** Opening Records shown block **
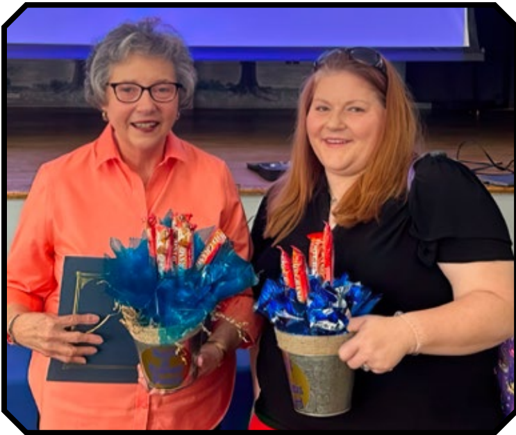
Spirit of Kiwanis
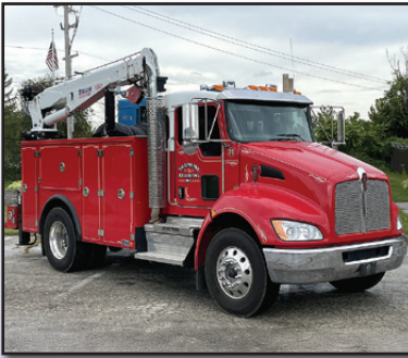
'22 KENWORTH T270

2022 KENWORTH Model T270 Single Axle Service Truck , powered by Paccar PX-9, 330 hp diesel engine and Allison automatic transmission, equipped with Stellar 11' service body, Stellar 12621, 12,000 lb 3-stage crane, American Eagle 46P air compressor, Miller welder, product tanks, differential lock, engine brake, work bumper and vise, aluminum wheels, air conditioning, cruise control, power windows and locks, airbrakes, 26,000 lb GVWR, and 11R22.5 tires. In very good condition with very good tires. (Odometer Reads 43,065 Miles) (Meter Reads 2,042 Hours) (Purchased New)
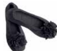
anthrazit | charcoal
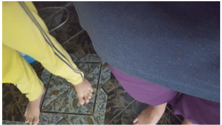
"She just needed to stand there and so there we stood in silence watching everything around us"

After about five minutes, she took a step forward and turned towards me. She looked at my shirt and pointed at the Cross in the middle and I said "yes, that's the Cross" and I wondered what was going through her mind but I didn't have to wonder long as she held her arms out and began to motion being bound to the cross. "YES," I exclaimed, "YES! Jesus died on the cross. Jesus died on the cross for YOU." Keep in mind that she didn't really speak English and I certainly do not know how to speak Khmer. She then pointed at the Khmer script on my shirt and I said "YES! Jesus loves you! It says Jesus loves you." She then pointed at my toes and made a painting motion and I sheepishly said "Yeah, my nails are painted. Purple is my favorite color." She then cupped her hands around her mouth and leaned over and whispered things to me. She'd look at me for a reaction and then laugh and so I would laugh. I know I will never know what she said that day but I know that I will never forget our conversation.
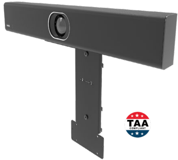
MeetingBar A20/A30 Mount
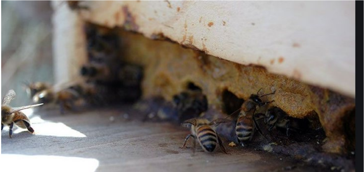
Figure 8: Propolis at the Hive Entrance

Honeybees use propolis to seal the hive off from wind and rain and to protect the hive from disease by coating brood cells before the queen lays eggs and by encasing dead mice and other intruders that cannot be removed.
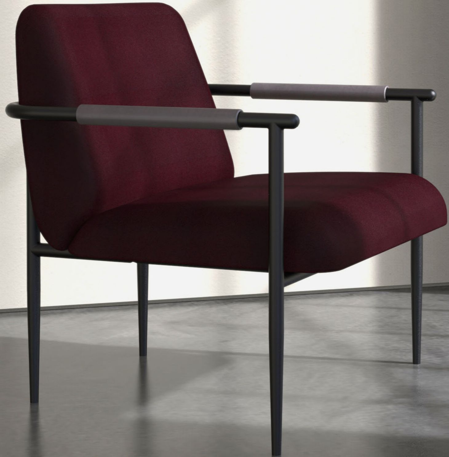
Social Lounge Chair
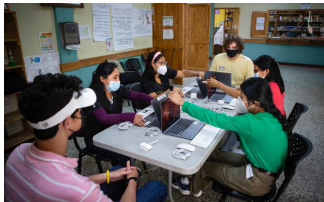
Figure 1: BWU students training Mission Guatemala staff on how to utilize the medical records software.
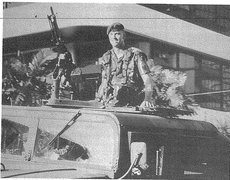
XVIII Airborne Corps

MPs proved again during Operation Just Cause that they are well-suited to fill a variety of roles in contingency operations.
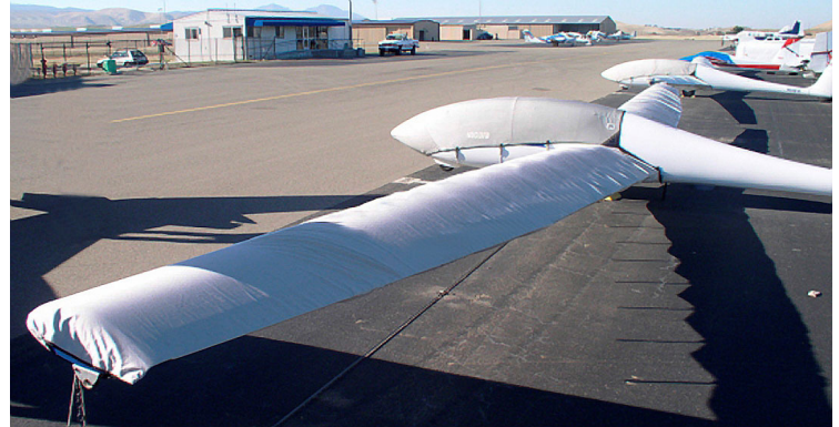
Sailplane Full Cover Set Graphic Indicators (Discus 2B, 3D model)
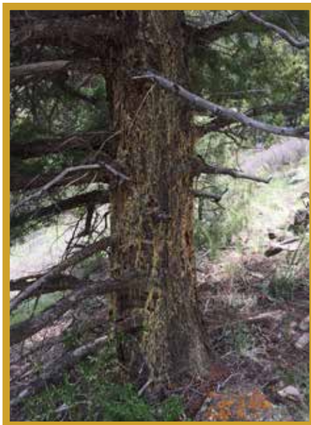
Figure 7. Resin streaming from a Douglas-fir tree.
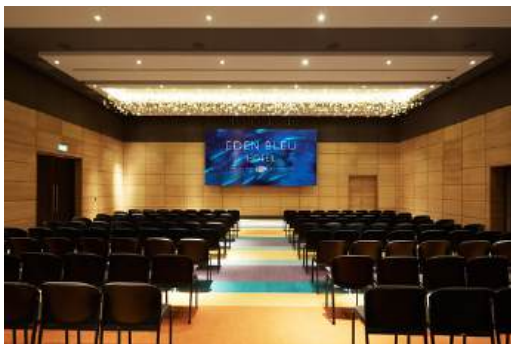
Sub divided Ballroom

Eden Island – Just a stroll away, the scenic Eden Island offers guests access to a vast array of shops and restaurants which are open throughout the day and evening. Various services can be accessed by visitors such as a Casino, Art Gallery, shopping outlets, and the Marina is a sight not to be missed with eye-catching yachts, some of which offer excursions and trips to visitors.
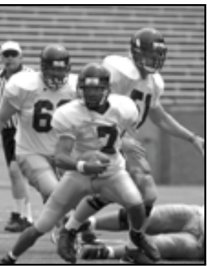
Football campaign begins Saturday at Division 1-A Wyoming Sports, Page 6
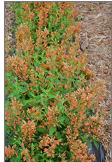
Poquito Orange Hyssop in bloom
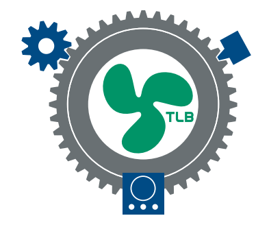
Turning, Locking & Braking Systems

The Twiflex system comprises a Turning gear, Locking device, and shaft Brake, together with a power unit and a control panel for local operation of the system close to the equipment. The TLB can be used for continuous turning or as an indexing system, using a simple hydraulic 'push-pull' arrangement with the brakes and brake disc to inch the propeller shaft for maintenance and accurate alignment.
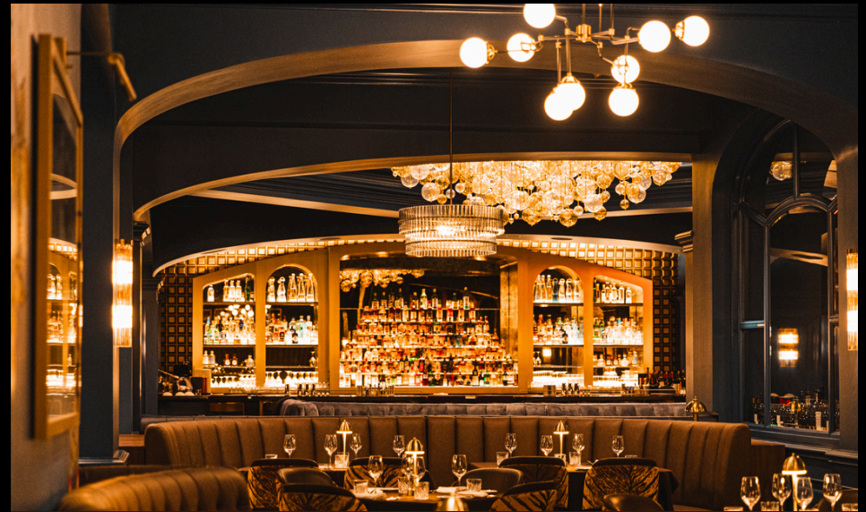
FULL RESTAURANT BUY-OUT
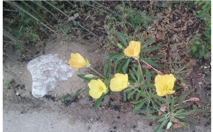
In our "Arboretum" - Night bloom dainty yellows
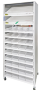
HD Stock™ Drawers
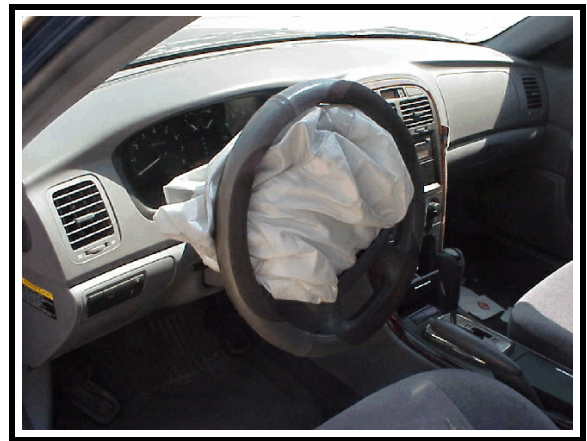
Figure 4. Driver's air bag

The photograph showed the deployed steering wheel mounted air bag, but it had been folded and tucked underneath the steering wheel rim. Therefore, the fabric could not be inspected for signs of failures and occupant contact points.
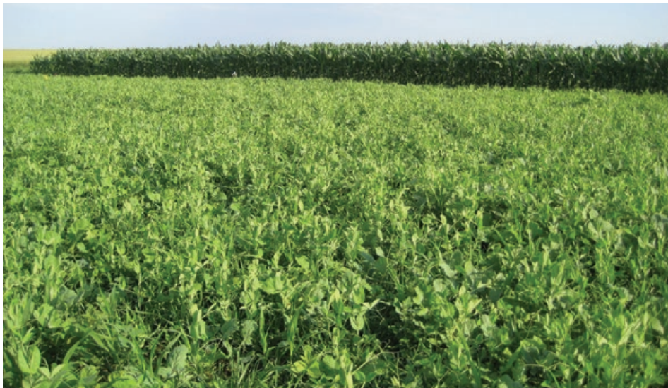
Incentive payments offered through NRCS are higher when planting a multi-species cover crop mix. The mix in this field includes oats, proso millet, canola, sunflowers, dry peas, soybeans and pasja turnips.

but as long as guidelines are met, generally a majority of applications are approved. As stated previously, these incentive payments should be viewed in the context of providing transition support rather than as a long-term economic subsidy.
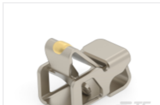
TE Part #2336713-2 SPRING FINGER 1.45H
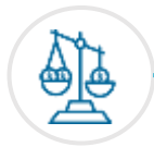
The Balance Sheet
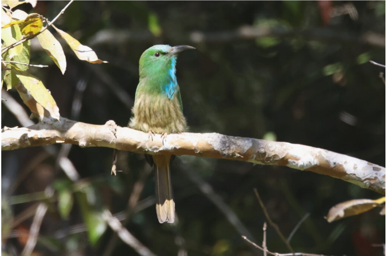
Blue-bearded Bee-eater (image by János Oláh)
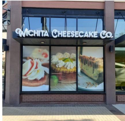
Wichita Cheesecake Company
** Closing Records shown block **
**What is needed**:
Give back the exact lines above, running from the one that has "Poquito Orange Hyssop in bloom" through the one that has "Turning, Locking & Braking Systems", with nothing added and no pictures.

**Response to this exercise**:
Poquito Orange Hyssop in bloom
Turning, Locking & Braking Systems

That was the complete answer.